Esa sombra larga y negra
Esa sombra larga y negra
Una sombra. Una
sombra sobre las piedras, avanzando a tropezones en el llano, sin más luz que
la de la luna, sin más agua que el sudor escurriendo a lo largo de los surcos
de la piel arrugada por el esfuerzo. Una sombra y dos hombres, dos cuerpos, uno
montado sobre del otro, el de abajo queriendo llegar al pueblo para salvar la
vida del de arriba.
–Todo esto que hago, no lo hago por usted. Lo hago por su
difunta madre. Porque usted fue su hijo. Por eso lo hago. Ella me reconvendría
si yo lo hubiera dejado tirado allí, donde lo encontré, y no lo hubiera
recogido para llevarlo a que lo curen…
Una sola sombra
sobre las piedras hecha por dos cuerpos: un padre y un hijo, les tocó ser padre
e hijo. ¿Se puede ser hijo así nada más? Como un hijo abandonado. Y, en su
soledad, pensará siempre en su padre. En las coordenadas de su padre, en la
geografía de aquél rostro fantasma, en la sangre que corre en él, en sus ojos
huérfanos, su nariz achatada, su lunar en la esquina de su frente, si son sólo
suyos o acaso son trazos que otro dejó en él. Como para nunca olvidar que uno
se debe a alguien. Como para nunca recordar a quién cuando no se conoció al
padre. ¿Se puede ser padre así nada más? Como un padre con su hijo desaparecido.
O como un padre con un hijo asesino. Y, en su desolación, pensará siempre en su
hijo.
(–¿Lloras, Ignacio? Lo hace llorar a usted el recuerdo de
su madre, ¿verdad? Pero nunca hizo nada por ella. Nos pagó siempre mal. Parece
que, en lugar de cariño, le hubiéramos retacado el cuerpo de maldad…)
En qué historias
le contó, con qué cuentos pobló su imaginación, en si le enseñó a sonreír y de
qué o para qué, en si le dio de abrazos y nalgadas y cuántos, en si le enseñó
la cicatriz de su espalda. Esa
de cuando, para ganar un poco más del jornal, el mecapal le quemó entre
el hueso del hombro y la cervical y le dejó como una cruz romana. Como un
estigma, para que la cargara aún acostado. Como para siempre recordar que uno
vive para otro, con otro, con el estómago de ese otro que hay que alimentar.

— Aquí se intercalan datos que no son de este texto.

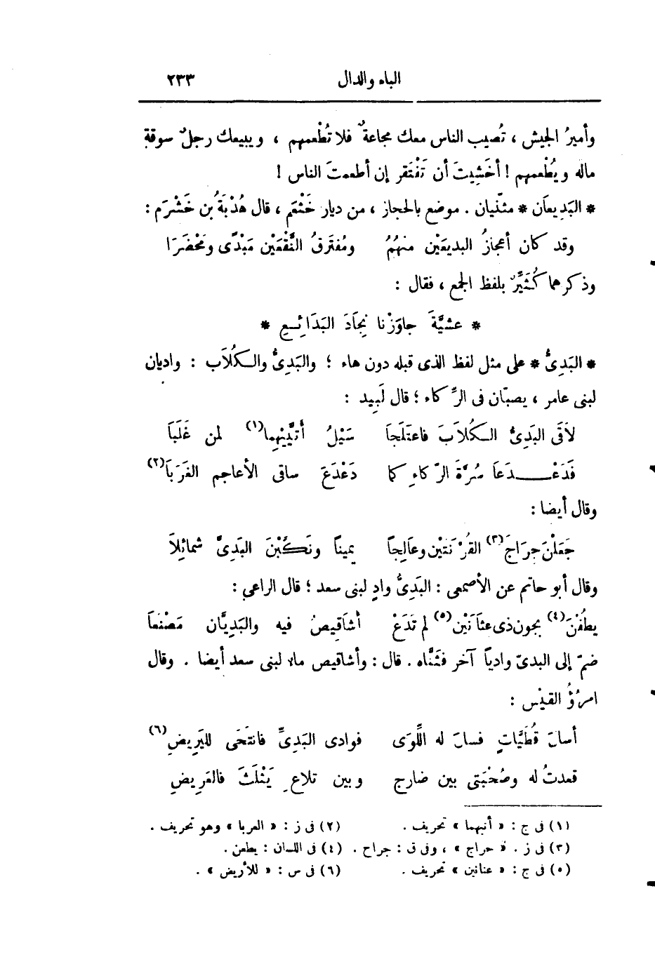على مثل لفظ الذي قبله دون هاء؛ والبدىّ والكلاب: واديان لبنى عامر، يصبّان فى الرّكاء؛ قال لبيد:

Como para siempre olvidarlo a diario y hacerlo porque uno deja de ser individuo
cuando se vuelve padre, y deja
de ser padre cuando se vuelve tiempo, porque ya no se puede ser otra cosa más
que tiempo para el otro, del otro, por el otro. (Uno se vuelve tiempo desde esa
única vez y ya no puede dejar de serlo).
Pero no siempre
el resultado va de acuerdo al empeño.
Aún en lo
solitario, nunca se va solo.
Parece un solo
cuerpo hecho de esa sombra larga y negra.
Sin suturas, pura continuidad, puro amor.
Si acaso sólo ahí, en
esa sombra larga y negra, no se puede distinguir que hay uno que carga con todo
el peso suyo y ajeno. Que hay uno que va debajo, ahogándose en los cimientos, y
otro que va encima, respirando los remolinos del viento. Y se pesan a sí y
entre sí mismos. Y se acompañan.
¿Se puede ser padre o ser hijo así nada más, en lo solitario?
Como si sólo los cuerpos tuvieran peso, como si esa sombra larga y negra no pesara también, como si no hubiera sombras de ausencias que pesan y queman más que el mecapal.
*Elaborado con motivo del día del padre con fragmentos
del cuento: “¿No oyes ladrar los perros?” de Juan Rulfo.